В тумане ото сна я подумала, что это Норри. Глаза еще были закрыты, я слушала привычные звуки утра на острова — стук кастрюль, крик петуха и громкий вопль Норри:
— Хватит отлеживаться, вставай!
Вместо этого я услышала лай собак, стук молотков и хриплые голоса вразнобой:
— Ры-ры-рыбка! По монетке за уголек! — а еще гул, словно мимо проносились сотник телег.
Где я оказалась?
Сонное сознание подсказало, что в Лондоне. Я была в Лондоне с Норри и мамой, на темном чердаке у реки Темзы. Это только на зиму, мама обещала, что потом мы поедем по стране…
— Просыпайся! — приказ был резким, как пощечина.
Я открыла глаза и увидела над собой юношу с ореховыми глазами. Нахлынули воспоминания: Нат и Пенебригг. Скаргрейв и тенегримы. Пение и рубин.
Мама убита.
И Норри потеряна.
Я села, камень покачнулся на цепочке. Еще здесь. И все еще рубин.
— Ты спала как убитая, — Нат звучал недовольно и немного тревожно. Похоже, события прошлого вечера сделали нас достаточно близкими товарищами, раз он тревожился за меня. От этого он дружелюбнее не казался. — Я кричал твое имя, а ты даже не двигалась.
— Зато теперь я проснулась, — и это не радовало. Нат был в темных брюках и чистой белой рубашке, готовый принимать посетителей. Я же смотрела на мир в мятом платье, с урчащим желудком и грязью из сада под ногтями. Я подняла руку к волосам и пожалела. Они были жутко спутаны.
Нат, похоже, этого не замечал.
Стараясь звучать уверенно, я спросила:
— Который час?
— Почти девять. Приведи себя в порядок, — Нат уже не звучал тревожно, только нетерпеливо. — Доктор Пенебригг вот-вот вернется, и он захочет тебя увидеть, — он указал на умывальник в дальнем углу. — Там чистая вода. Горшок под кроватью. Когда закончишь, найдешь меня наверху.
Он вышел за дверь, оставив меня одну, и я была благодарна, что он дал подсказки.
Я встала с кровати и принялась приводить себя в порядок. Все было не так и плохо, кроме моих волос.
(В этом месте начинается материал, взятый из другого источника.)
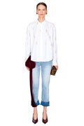 The Arin Jean offers a sleek silhouette with its slim cuff design, elegantly complemented by a unique velvet bustle detail. Perfect for those seeking a refined yet distinctive look, these jeans blend classic tailoring with a subtle touch of luxury, enhancing your wardrobe with sophisticated style.
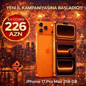 2099 Azn iPhone 17pro Max 256gb Cosmic Orange eSim - 2999azn iPhone 17pro Max 256gb Cosmic Orange NanoSim/eSim - 3249azn Qeyd olunan qiymətlər Yalnız NAĞD ödəniş. Hədiyyələr: 1. Adapter başlığı (20W)A klass 2. Ekran qoruyucu 3.
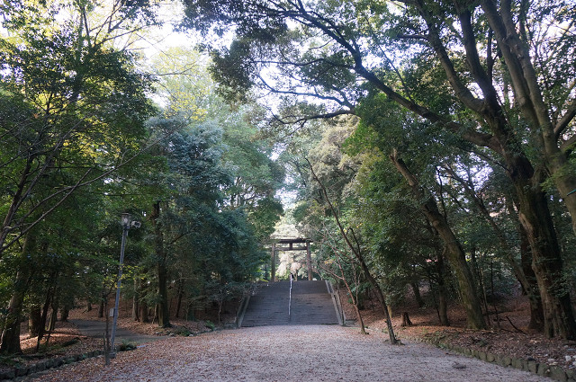 遺跡の並ぶ通りをつきぬけると近江神宮にあがる参道に至る
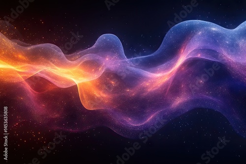 Abstract swirling shapes of luminous particles in space.
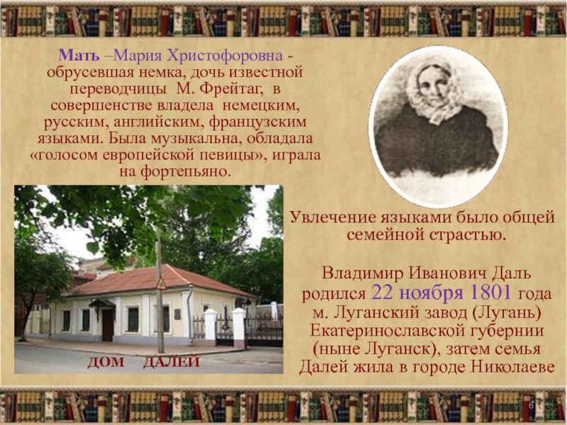 Владимир Иванович Даль родился 22 ноября 1801 года м. Луганский завод (Лугань) Екатеринославской губернии (ныне Луганск), затем семья Далей жила в городе Николаеве
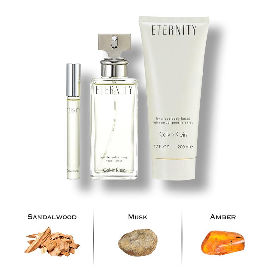 One of the most successful Calvin Klein fragrances.?Eternity was born in tribute to their marriage.?A hymn to the eternity of the most important values: love, family and peace.?The composition opens with fresh notes of citrus and plants, followed by violet and lily of the valley.?The carnation note gives the floral heart a slightly spicy touch.?The base notes are soft, with heliotrope, pink sandalwood and transparent notes of musk.?The perfume was created by Sophia Grojsman in 1988.?
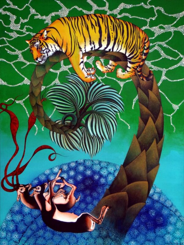 The artist's works encompass the transitions happening in the environment due to imbalance created by human activities, while also representing the relationship that exists between man and animals
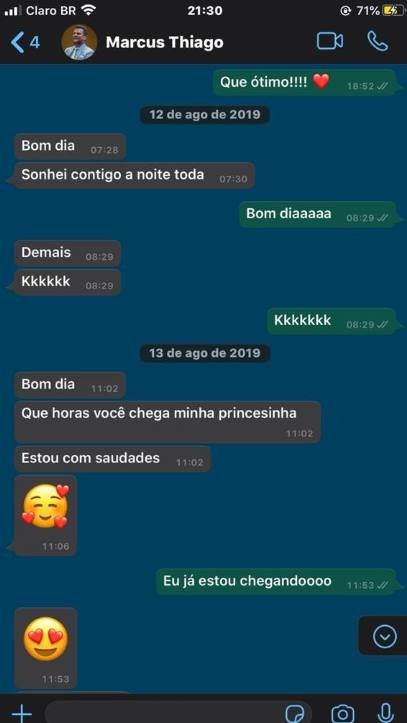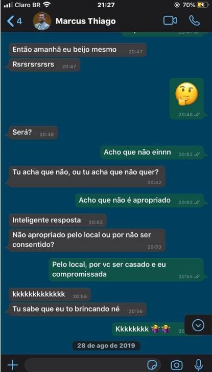 De acordo com o Diário Oficial da União (DOU), Marcus Thiago foi nomeado para o cargo no dia 17 de junho do ano passado para receber um salário bruto mensal de R$ R$ 10.373,30. Os diálogos perduraram por pelo menos um mês e, embora a postura da estudante demonstre distanciamento dos desejos carnais do chefe, a investida tem uma escalada obscena.
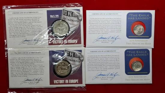 เหรีญที่ระลึก 5 ดอลลาร์+1ดอลล่าร์ พร้อมแพ็คเก็จเดิม รวม4เหรียญ |
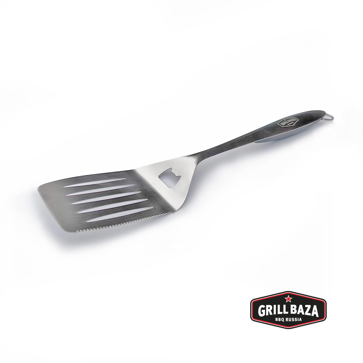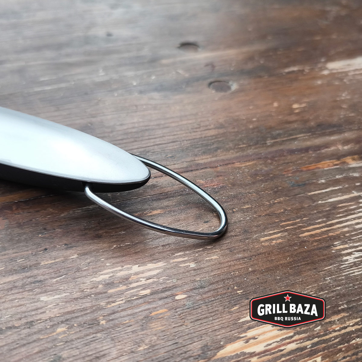 - Имеется металлическая петля, чтобы подвешивать лопатку на крючок гриля — пусть будет под рукой
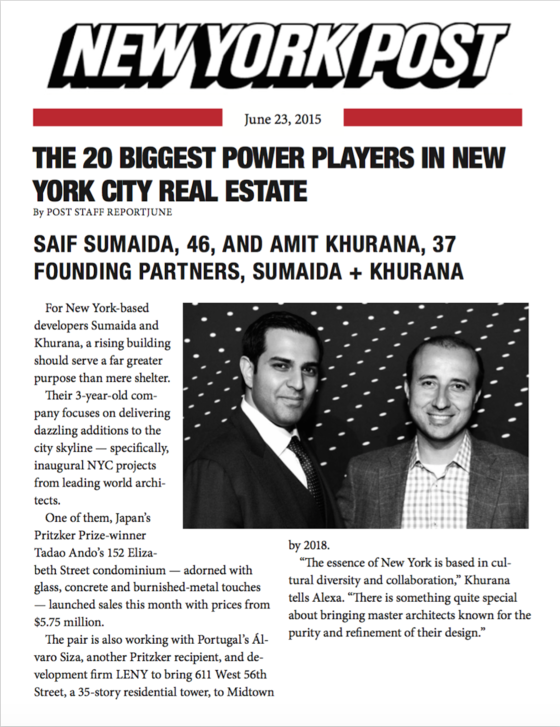 For New York-based developers Sumaida and Khurana, a rising building should serve a far greater purpose than mere shelter. Their 3-year-old company focuses on delivering dazzling additions to the city skyline — specifically, inaugural NYC projects from leading world architects. One of them, Japan’s Pritzker Prize-winner Tadao Ando’s 152 Elizabeth Street condominium — adorned with glass, concrete and burnished-metal touches — launched sales this month with prices from $5.75 million.
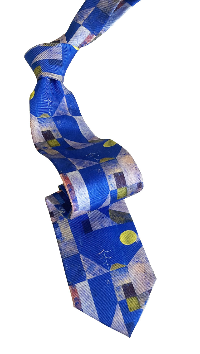 The Moonshine Silk Tie by Fox & Chave beautifully captures that balance. Inspired by the visionary modernist painter Paul Klee, the design reflects the artist’s fascination with colour, rhythm and dreamlike landscapes. Deep cobalt blues create a tranquil night sky across the silk, punctuated by geometric forms that suggest distant hills and abstracted architecture. At the centre glows a soft golden moon, lending the piece both warmth and quiet intrigue.
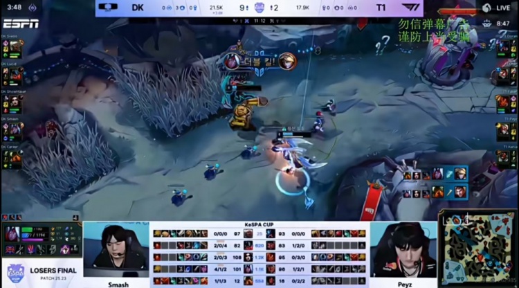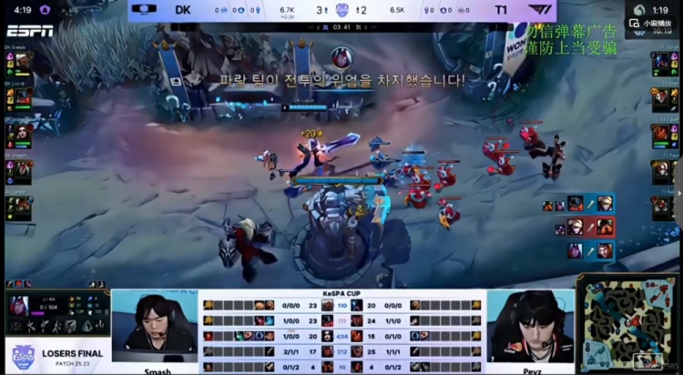 [11:10]河道T1野辅强动DK下路组失败,Lucid剑魔支援赶到,一个Q3配合Smash维鲁斯一箭先秒牛头!随后SMK乐芙兰绕后赶到,DK完美越塔再打0换2!Smash维鲁斯又是双杀!这波打完DK拿下4K经济优势!再拿第一条小龙!但是Siwoo安蓓萨立马下路想搞单杀结果白给!
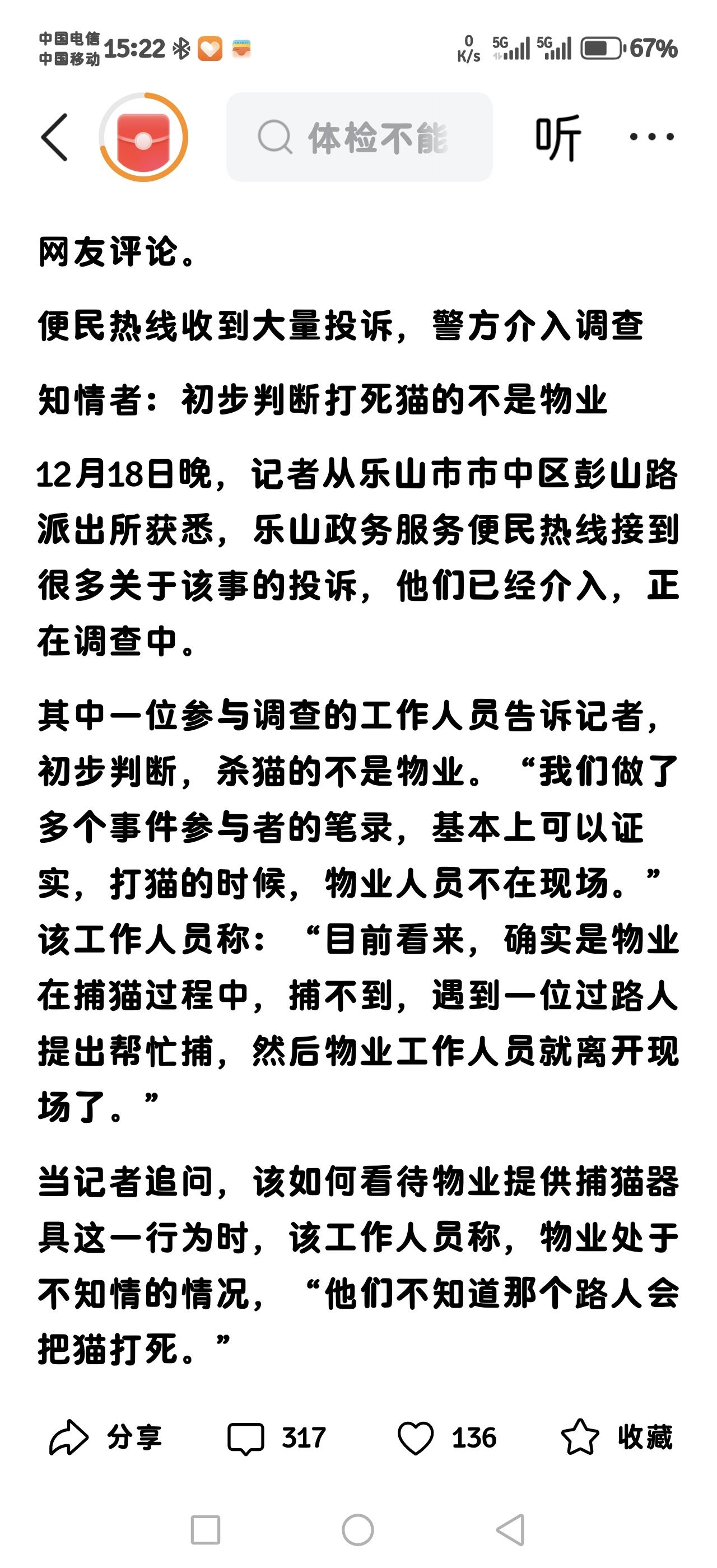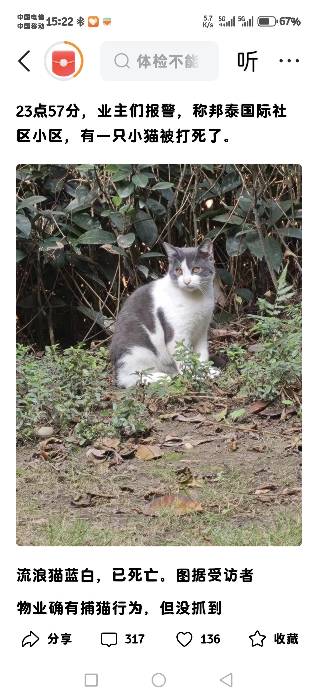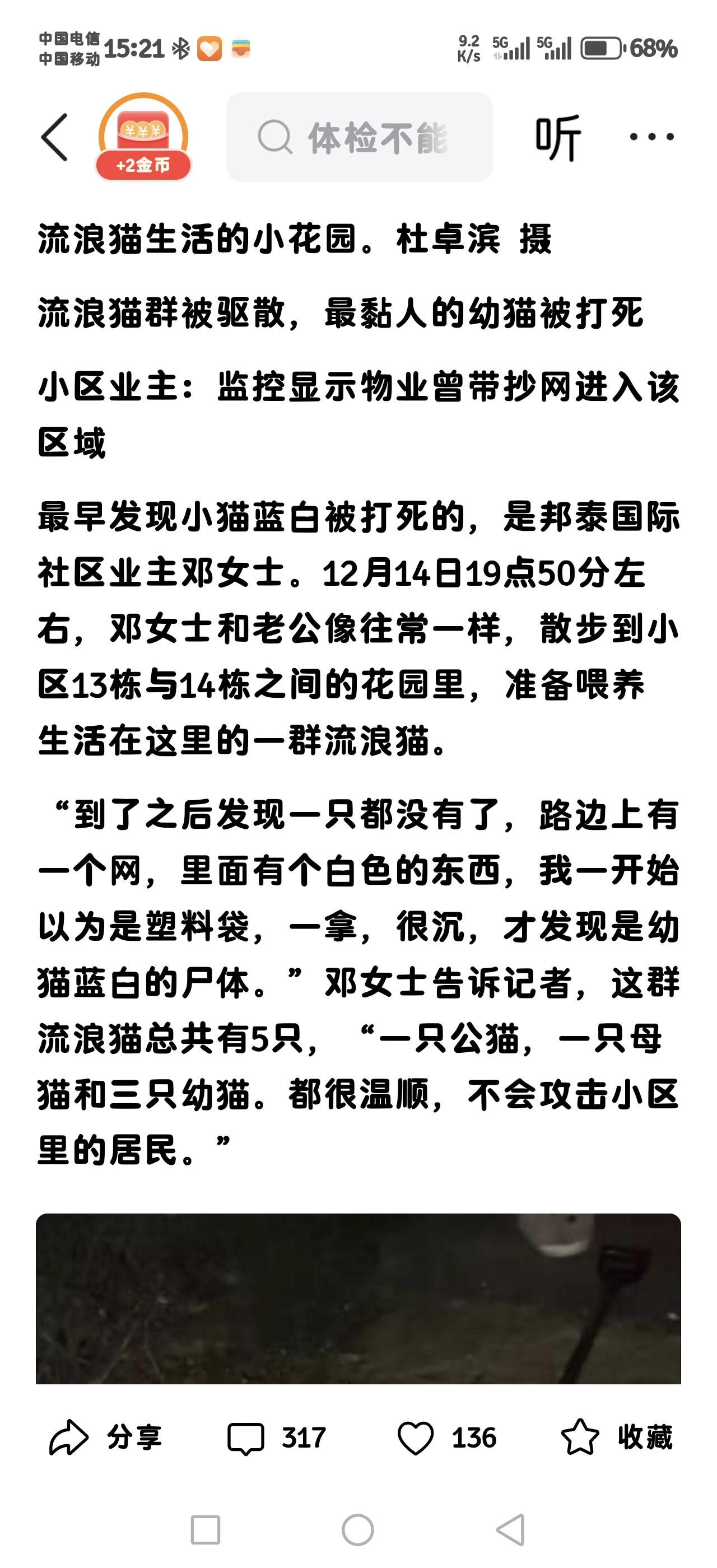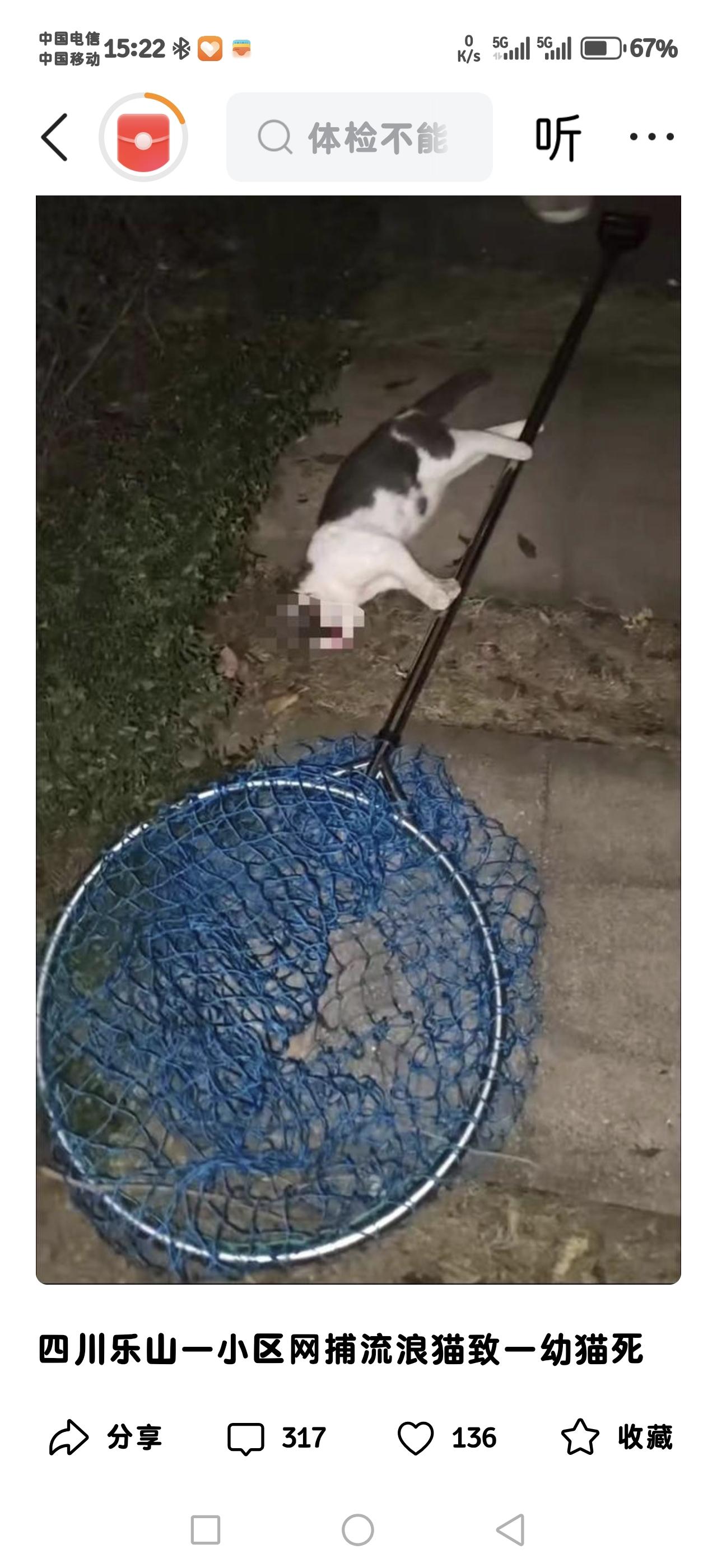 连日来,四川乐山邦泰国际社区小区物业用抄网捕捉流浪猫,其间一幼猫被打死的消息引发广泛争议,网友普遍质疑邦泰物业的流浪猫治理方式。12月17日,当地一流浪动物救助保护中心发文谴责:“棍棒之下无治理”,要求物业停止攻击流浪动物。小区居民也在和物业沟通的同时,自发领养余下的流浪猫。

Я пыталась пригладить их и почти слышала возмущения Норри: «Твои волосы как спутанные водоросли, дитя. Ну-ка заплети их, вот так-то лучше».
Прошлой ночью, перед тем как я пошла спать, Пенебригг заверил меня, что они постараются помочь мне с поиском Норри.
— Боюсь, она может быть где угодно. Но если ты мне ее опишешь, я поспрашиваю. Осторожно, конечно. Иначе в опасности будет и она, и ты.
Я не хотела уточнять насчет опасностей. Я вспоминала прошлый вечер на острове с тоской — согревал огонь из камина, мы с Норри уютно сидели в креслах перед ним. Конечно, огонь разрастался, и я вздыхала, когда Норри напоминала мне, что за огнем нужно приглядывать, но мы были в безопасности, и теперь я ценила то время.
Как бы я ни хотела, вернуться туда я не могла. А если и могла бы, тенегримы от этого не исчезнут.
Что сделано, то сделано, и теперь нужно исправлять ситуацию.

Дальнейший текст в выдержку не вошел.